また、厚生労働省が発表した「令和4年 障害者雇用状況の集計結果」によると、令和4年度の法定雇用率未達成企業は55,684社あり、多くの民間企業は未到達です。
改正を重ねても、障害者のニーズに合った働き方や生活の選択ができなければ、障害者総合支援法そのものの意味がなくなってしまいます。

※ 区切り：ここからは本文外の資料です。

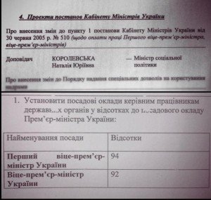 Сегодня Наталья Королевская определила заработную плату своим коллегам по Кабинету министров.
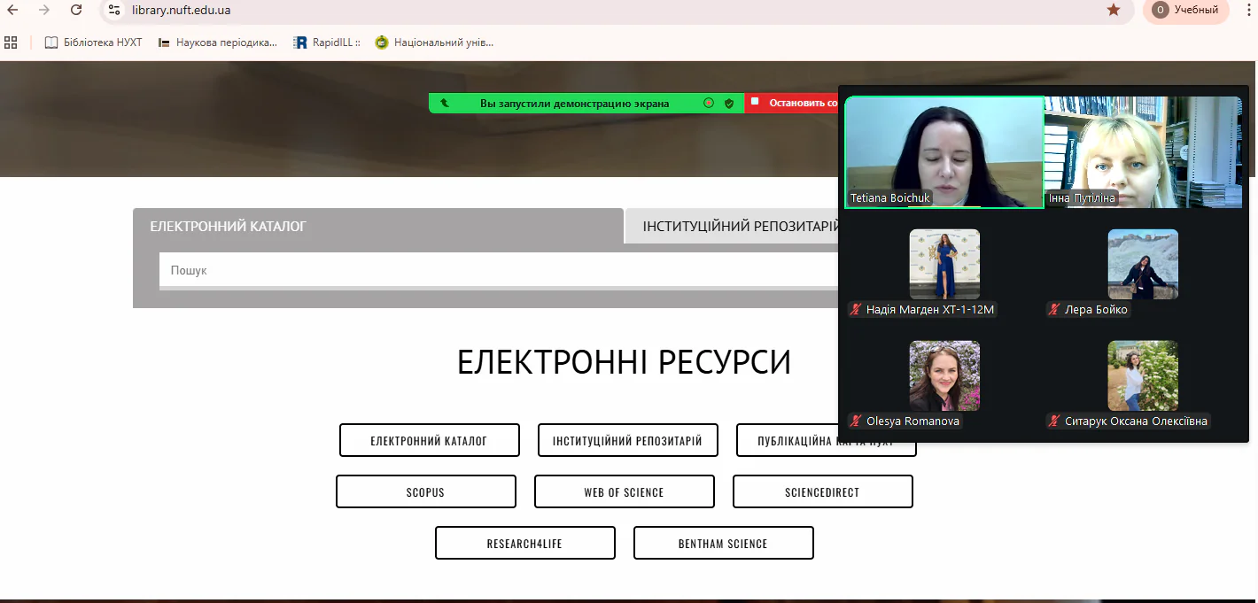 Захід став своєрідною інтелектуальною платформою, де поєдналися теорія і практика наукового пошуку. Присутні ознайомилися з можливостями електронного середовища науково-технічної бібліотеки: Інституційного репозитарію, повнотекстових баз даних, ресурсів відкритого доступу та міжнародних наукометричних платформ. Робота з базами даних Web of Science і Scopus постала як ефективний інструмент навігації у глобальному науковому просторі, де важливими є не лише джерела, а й їхня наукова цінність, цитованість і контекст.
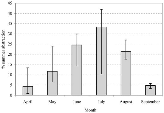 Monthly pattern of summer abstraction for spray irrigation for the top 10% of licensed summer abstractors in Anglian Region (1997–2001). Error bars show inter-annual variation from the mean.

今後は、改正内容がきちんと実行され、障害者の声が結果に反映されることが課題です。
7.最後に
今回は、障害者総合支援法の改正内容のポイントについて6つ解説してきました。
筆者としては、改正により、この法律の基本理念である「障害者の基本的人権」が尊重され、どこで働き暮らしどんな支援サービスを受けるかは本人が決められるように選択肢がさらに充実した印象を受けました。
また、障害者と健常者が地域社会で当たり前に共生できるよう、支援や体制の強化が整備されている印象です。
障害者総合支援法は、今後も、ニーズの変化とともに、障害者がより良く生きるための定期的な改正が期待されます。
そのためには、障害者本人だけでなく、障害福祉に関連する事業者も今回の改正内容をしっかりと把握することが大切だといえるでしょう。